Immer wieder hatte die US-Armee auch Flugblätter über den Dörfern abgeworfen und die Bewohner dazu aufgefordert, sich in die Umsiedlungslager zu begeben. "Diejenigen, die dennoch blieben, wurden getötet", so Causey.
Um die Erschießungen zu vertuschen, gingen die Platoon-Führer nun auch dazu über, getötete Zivilisten als feindliche Kämpfer zu zählen, so fünf ehemalige Soldaten gegenüber "The Blade". Armee-Akten bestätigen diese Berichte: Gemäß den Aufzeichnungen sollen die Platoon-Soldaten in den zehn Tagen, die auf den 11. November folgten, 49 Vietcong getötet haben - wie die Unterlagen belegen, wurden in 46 Fällen keinerlei Waffen gefunden.
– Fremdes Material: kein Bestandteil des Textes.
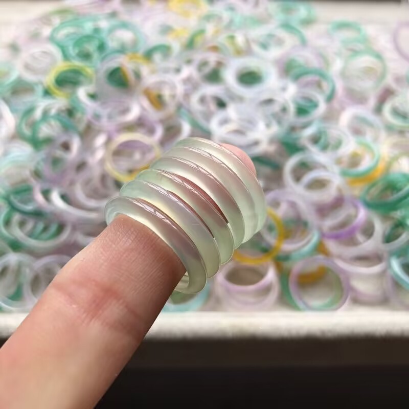 批发天然冰种绿玛瑙3mm极细戒指线戒 绿白红黑玛瑙细戒指戒圈尾戒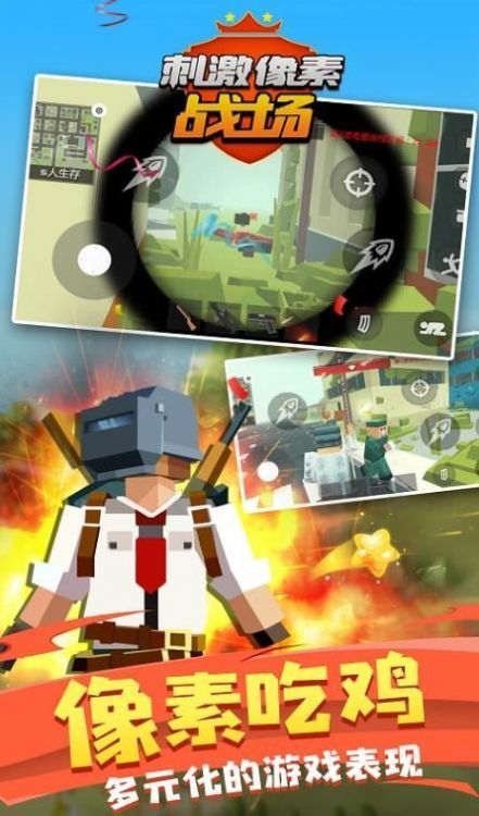 刺激像素战场是一款沙盒风格的射击枪战游戏。在这款游戏中玩家们将会尝试一次不一样风格的吃鸡。你有想过你的战士们都变成《我的世界》风格的样子吗?虽然建模之类的没有那么真实了,但是实际上手操作起来还是很优秀的,快来体验更加自由的射击冒险吧

Causey erinnert sich auch noch an eine Meldung an die Kommandeure: "Wir gaben Funksprüche durch wie: 'Sieben Vietcong rannten aus einer Hütte. Wir haben alle erschossen'", so Causey. "Dabei sind diese Leute, verdammt noch mal, nicht weggerannt. Und wir wussten auch nicht mal, ob sie Vietcong waren."
Sergeant James Barnett erzählte den Ermittlern, dass er einmal gegenüber Hawkins seine Bedenken wegen der Tötung unbewaffneter Vietnamesen äußerte. "Hawkins sagte nur, ich solle mir keine Sorgen machen", so Barnett. "Um die Waffen können wir uns immer noch später kümmern."
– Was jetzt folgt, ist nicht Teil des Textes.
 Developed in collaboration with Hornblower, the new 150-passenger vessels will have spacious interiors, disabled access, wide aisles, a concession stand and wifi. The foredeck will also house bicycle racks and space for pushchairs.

Wie Armee-Unterlagen zeigen, begingen die Soldaten in dieser Phase ihre brutalsten Gräueltaten: Ein 13-jähriges Mädchen wurde missbraucht, danach wurde ihr die Kehle durchgeschnitten. Eine junge Mutter wurde erschossen, nachdem man ihre Hütte abgebrannt hatte. Ein unbewaffneter Teenager wurde in den Rücken geschossen, nachdem ein Platoon-Sergeant ihn aufgefordert hatte, sein Dorf zu verlassen. Ein Tiger-Force-Soldat köpfte ein Baby - weil er dessen Halskette mitnehmen wollte.
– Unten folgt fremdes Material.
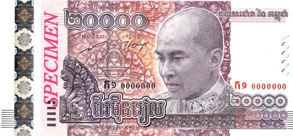 ដើម្បីអបអរសាទរព្រះរាជពិធីបុណ្យចម្រើនព្រះជន្ម ព្រះករុណា ព្រះបាទ សម្តេចព្រះបរមនាថ នរោត្តម សីហមុនី ព្រះមហាក្សត្រនៃព្រះរាជាណាចក្រកម្ពុជា គម្រប់ ៦៥ យាងចូល ៦៦ព្រះវស្សា រាជរដ្ឋាភិបាលបានអនុញ្ញាតឱ្យធនាគារជាតិនៃកម្ពុជា បានបញ្ចេញធនប័ត្រ (ក្រដាសប្រាក់) ប្រភេទ ២០,០០០ រៀល គំរូថ្មី ព្រមទាំងបង្ហាញនូវលក្ខណៈសម្គាល់នៃធនប័ត្រប្រភេទ ២០,០០០ រៀល គំរូថ្មីនេះ។

Joseph Evans, ein Ex-Gefreiter, der im Zuge der Armee-Ermittlungen gegen die Tiger Force seine Aussage bislang verweigerte, sagte nun gegenüber "The Blade", dass viele Vietnamesen, die während des Krieges vor den US-Soldaten flohen, keinerlei Bedrohung für die Amerikaner darstellten. "Die rannten einfach nur, weil sie panische Angst hatten", so Evans. "Wir haben viele Leute getötet, die nicht hätten getötet werden sollen."
Granateneinsatz gegen Zivilisten in Bunkern
Für die Dorfbewohner war das Verstecken in unterirdischen Schutzbunkern längst Routine. In jedem kleinen Dorf gab es diese von Bambus gestützten und mit Blättern getarnten Höhlen, in denen sich die Zivilisten ebenso vor den Amerikanern wie vor den Nordvietnamesen versteckten.